One side says voters want cuts in federal spending. The other side points to different
polls showing they do not want any cuts. Fortunately, pollster Scott Rasmussen stepped
into this debate and cleared up lots of confusion.

He argues that Mainstream America and our Political Class do not have a
common language. As an example, he used a recent poll by the Pew Research Center that
seemed to show that Americans do not want cuts. He points out that the raw numbers in
the Pew poll are similar to his Rasmussen poll, but they were reported differently.

For most Americans, he says, “maintaining spending at current levels would
mean spending the same amount in 2013 as we spent in 2012.” That is not what
Washington means. He says, maintaining spending at current levels “means spending
$3.5 trillion this year and $4.5 trillion in five years.” Most Americans would see this as
an increase in spending of a trillion dollars.

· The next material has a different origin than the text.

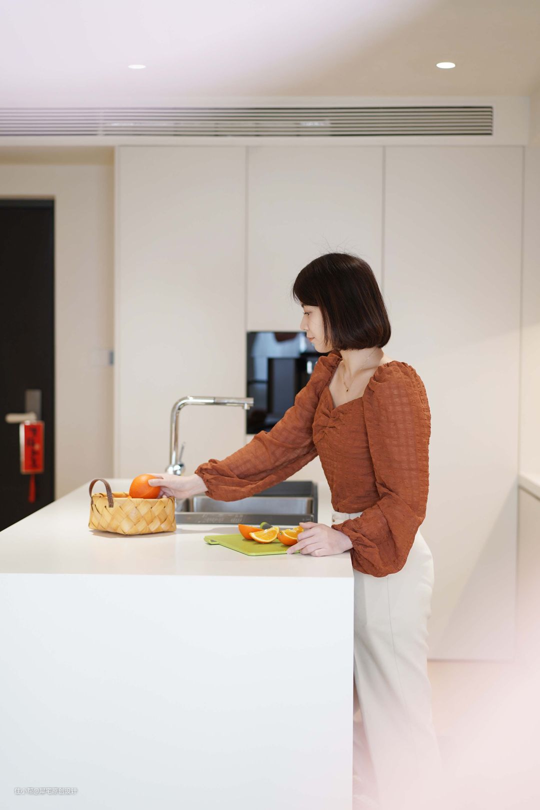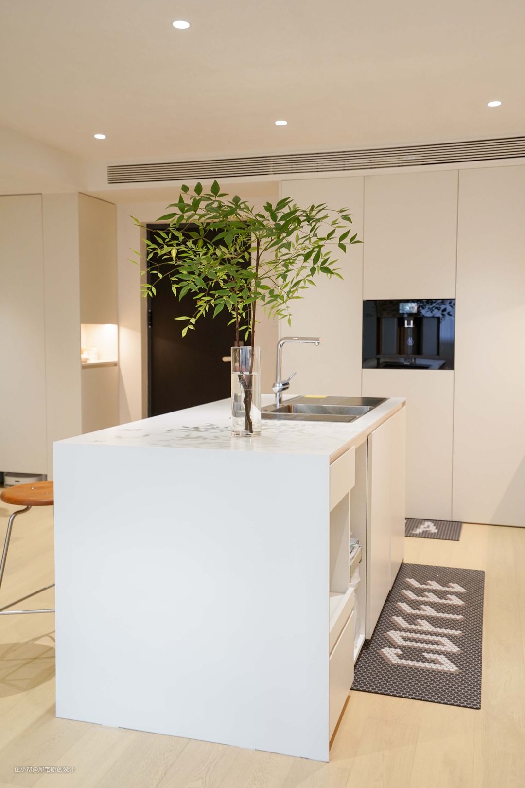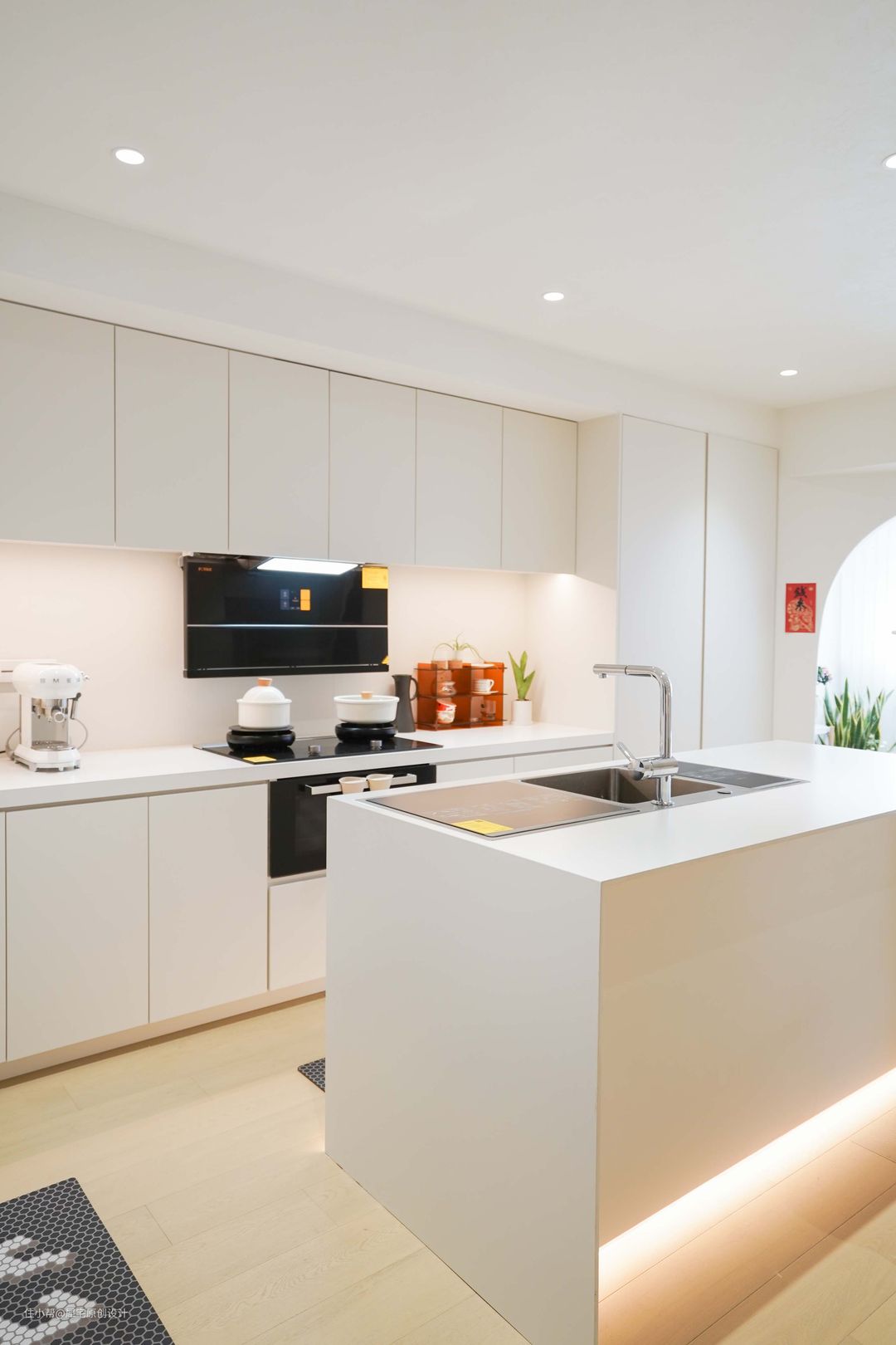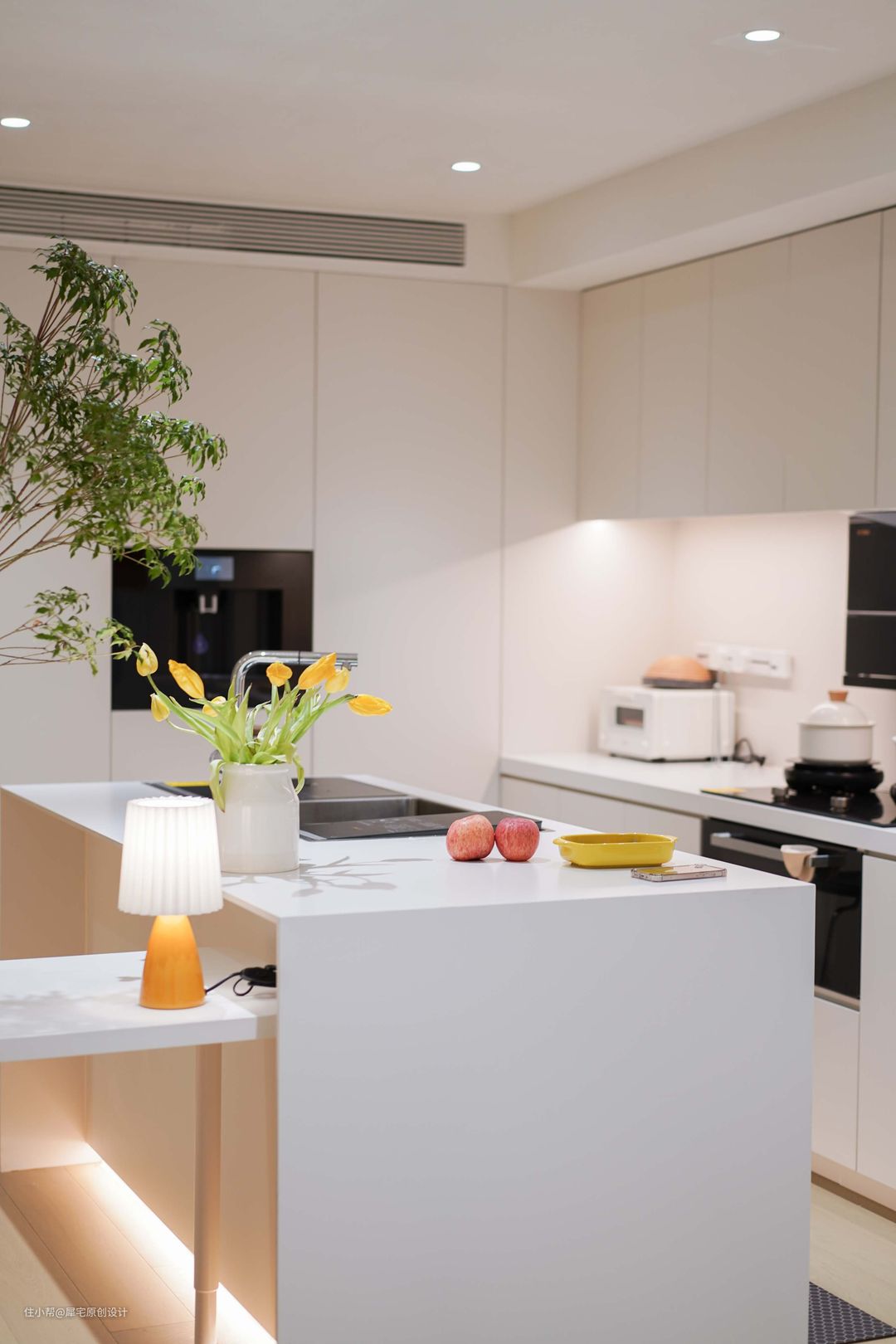 客厅的另一边就是厨房,整体采用LDK(客餐厨一体化)设计,配置到顶的收纳柜,空间宽敞,动线灵动,同时满足了女主人的大岛台梦。配色使用全白,看起来干净整洁。 因为是敞开式厨房,在选择厨房电器时尤为需要注意,不仅要考虑品牌知名度和售后问题,美观程度、烹饪功能、油烟问题、清洁问题也都非常重要。 在综合对比之后,为业主推荐了方太集成烹饪中心X系列。这款产品是一款新型集成厨电,采用嵌入式安装,不切断台面,保证了厨房设计的整体性,业主对这套厨电的颜值非常满意。

The Political Class would “consider spending unchanged at current levels to be a
massive spending cut.” It doesn’t allow for the trillion dollars already built into the
federal budget.

Let’s now apply this to the Pew poll. On the question about roads and
infrastructure: 38 percent want more spending and only 17 percent favor a spending cut.
But a plurality (43 percent) want to hold infrastructure spending steady. “Since the
Political Class would consider holding steady to be a cut in spending, 60 percent in the
Pew poll favors what official Washington calls cuts.”

Once you apply plain English to some of these polls, you find there is much more
support for spending cuts than is usually reported. Part of the reason is deliberate
deception. Most of the problem is that the Political Class doesn’t speak plain English.